The expected result is a verbatim repetition of the lines from the start of the entries through the line containing "3年生の書写では、年賀状を書く学習をしていました。", with the pictures removed.

Data shown section start

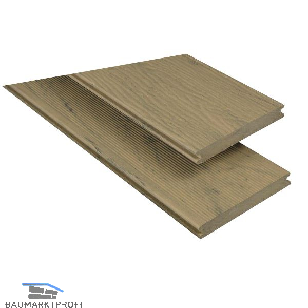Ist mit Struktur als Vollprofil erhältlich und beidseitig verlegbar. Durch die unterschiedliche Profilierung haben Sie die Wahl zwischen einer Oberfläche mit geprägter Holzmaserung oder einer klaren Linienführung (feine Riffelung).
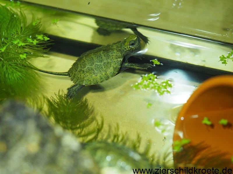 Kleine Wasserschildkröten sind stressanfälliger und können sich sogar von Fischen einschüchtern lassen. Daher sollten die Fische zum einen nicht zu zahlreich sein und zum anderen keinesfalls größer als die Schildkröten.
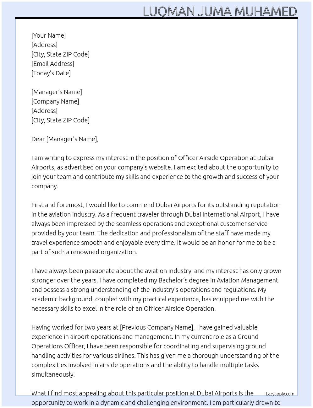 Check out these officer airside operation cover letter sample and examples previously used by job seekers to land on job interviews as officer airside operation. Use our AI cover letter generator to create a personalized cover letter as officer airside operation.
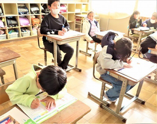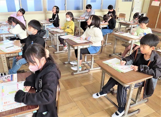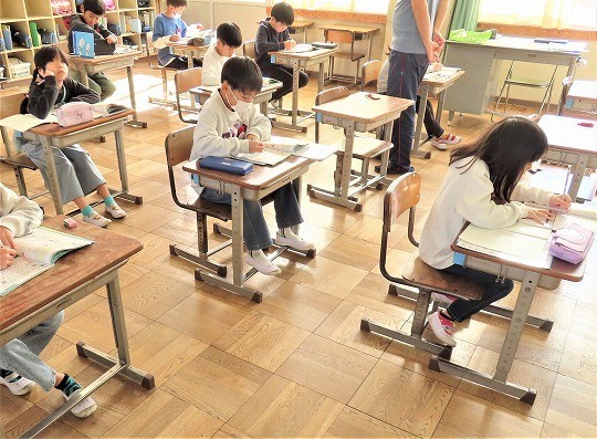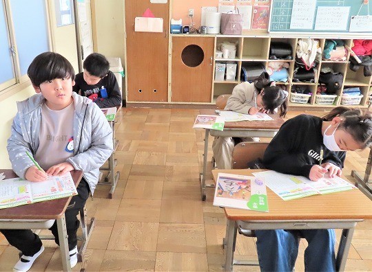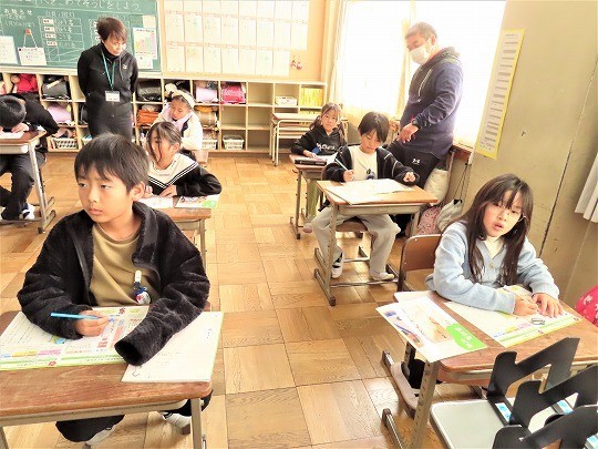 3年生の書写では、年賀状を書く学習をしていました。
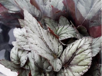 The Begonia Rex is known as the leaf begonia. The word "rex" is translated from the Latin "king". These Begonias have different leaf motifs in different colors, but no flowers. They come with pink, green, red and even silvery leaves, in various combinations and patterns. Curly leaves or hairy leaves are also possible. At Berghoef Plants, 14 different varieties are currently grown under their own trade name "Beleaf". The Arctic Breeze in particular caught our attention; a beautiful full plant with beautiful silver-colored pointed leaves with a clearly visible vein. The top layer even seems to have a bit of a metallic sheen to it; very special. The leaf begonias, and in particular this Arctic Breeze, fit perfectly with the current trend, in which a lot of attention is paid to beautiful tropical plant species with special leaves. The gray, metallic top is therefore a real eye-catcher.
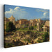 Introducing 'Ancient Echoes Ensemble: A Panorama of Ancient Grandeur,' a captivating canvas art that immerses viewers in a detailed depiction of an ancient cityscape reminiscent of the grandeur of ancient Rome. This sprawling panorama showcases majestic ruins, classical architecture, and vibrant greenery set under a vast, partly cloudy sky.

Data shown section end

• Reply
Ist mit Struktur als Vollprofil erhältlich und beidseitig verlegbar. Durch die unterschiedliche Profilierung haben Sie die Wahl zwischen einer Oberfläche mit geprägter Holzmaserung oder einer klaren Linienführung (feine Riffelung).
 Kleine Wasserschildkröten sind stressanfälliger und können sich sogar von Fischen einschüchtern lassen. Daher sollten die Fische zum einen nicht zu zahlreich sein und zum anderen keinesfalls größer als die Schildkröten.
 Check out these officer airside operation cover letter sample and examples previously used by job seekers to land on job interviews as officer airside operation. Use our AI cover letter generator to create a personalized cover letter as officer airside operation.
 3年生の書写では、年賀状を書く学習をしていました。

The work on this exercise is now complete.